Repeat the data as given. Images do not go in the copy.
[DATA EXTRACT — start]
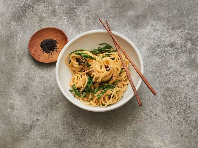 Zart, subtil und superelegant – das sind meine Assoziationen zu japanischer Küche. Doch manche Gewürzmischungen aus Japan haben auch ordentlich Wumms. Ein schönes Beispiel ist der Sieben-Gewürz-Pfeffer mit dem schönen Namen Shishimi Togarashi, ein anderes das Reisgewürz Furikake. Das schmeckt zwar wenig scharf, dafür aber umso aromatischer. Ich persönlich mag es besonders als Veggie-Booster, aber wenn man einmal angefangen hat Furikake zu verwenden, stellt sich schnell heraus, dass diese raffinierten Algen-Miso-Sesam-Karamell-Brösel auch bestens zu Reisnudeln, Sobanudeln, Grillspießchen, Fisch, Carpaccio, Eiern und sehr vielen anderen Gerichten passen.
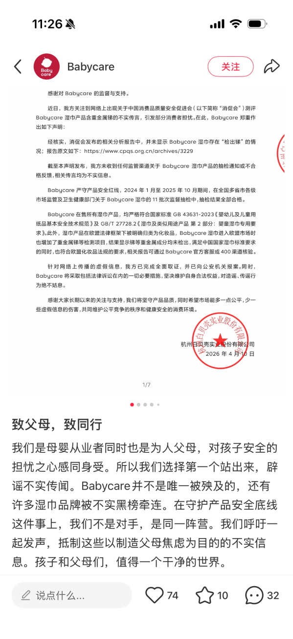 4月11日,国内头部品牌Babycare发布声明,辟谣近期社媒上传播的“消促会测评Babycare湿巾产品含重金属锑”等相关传言为不实信息。
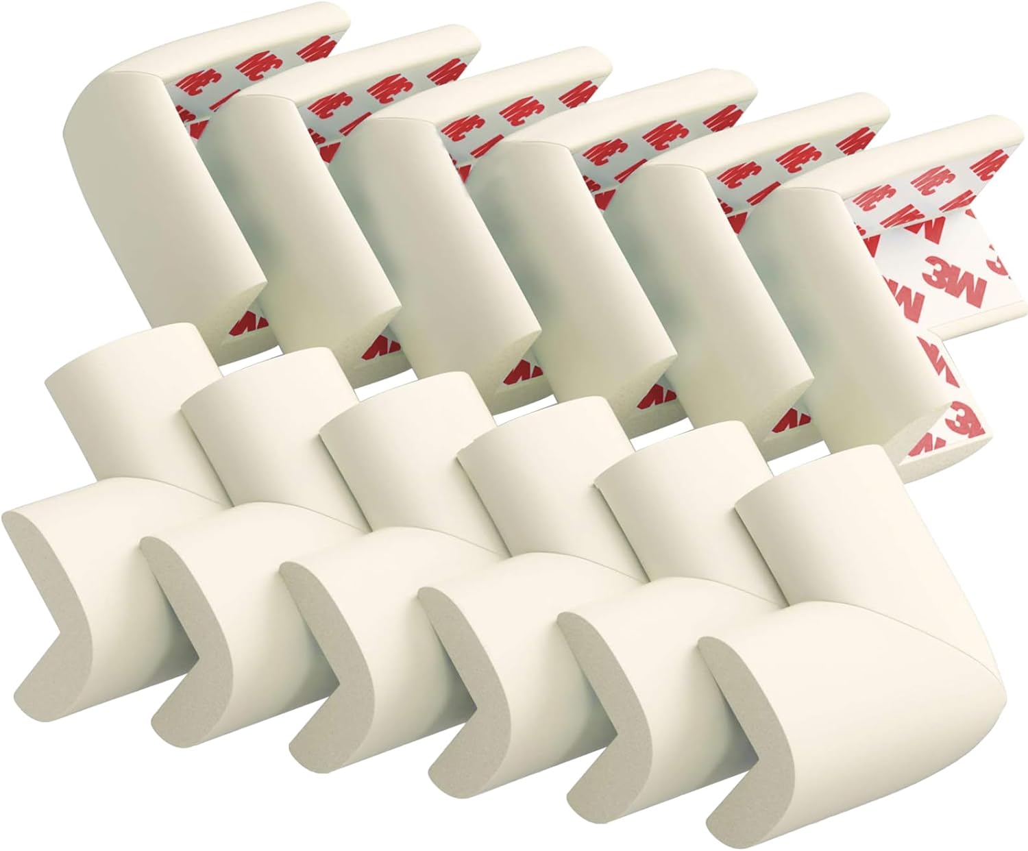 12 Pack Corner Protector Baby Proofing Edge and Corner Guards, Soft Safety Pre-Taped Rubber Foam Furniture Bumpers for Fireplace, Table, Stair, Cabinet (Off White)
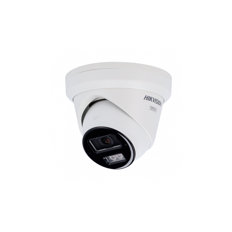 Cámara Turret IP Hikvision, 4 megapíxel, dos lentes en una 2.8 y 4 mm, luz híbrida hasta 30 metros, micrófono dual, PoE, IP67, NEMA 4X.
[DATA EXTRACT — finish]
(PROBLEM SOLUTION):
 Zart, subtil und superelegant – das sind meine Assoziationen zu japanischer Küche. Doch manche Gewürzmischungen aus Japan haben auch ordentlich Wumms. Ein schönes Beispiel ist der Sieben-Gewürz-Pfeffer mit dem schönen Namen Shishimi Togarashi, ein anderes das Reisgewürz Furikake. Das schmeckt zwar wenig scharf, dafür aber umso aromatischer. Ich persönlich mag es besonders als Veggie-Booster, aber wenn man einmal angefangen hat Furikake zu verwenden, stellt sich schnell heraus, dass diese raffinierten Algen-Miso-Sesam-Karamell-Brösel auch bestens zu Reisnudeln, Sobanudeln, Grillspießchen, Fisch, Carpaccio, Eiern und sehr vielen anderen Gerichten passen.
 4月11日,国内头部品牌Babycare发布声明,辟谣近期社媒上传播的“消促会测评Babycare湿巾产品含重金属锑”等相关传言为不实信息。
 12 Pack Corner Protector Baby Proofing Edge and Corner Guards, Soft Safety Pre-Taped Rubber Foam Furniture Bumpers for Fireplace, Table, Stair, Cabinet (Off White)
 Cámara Turret IP Hikvision, 4 megapíxel, dos lentes en una 2.8 y 4 mm, luz híbrida hasta 30 metros, micrófono dual, PoE, IP67, NEMA 4X.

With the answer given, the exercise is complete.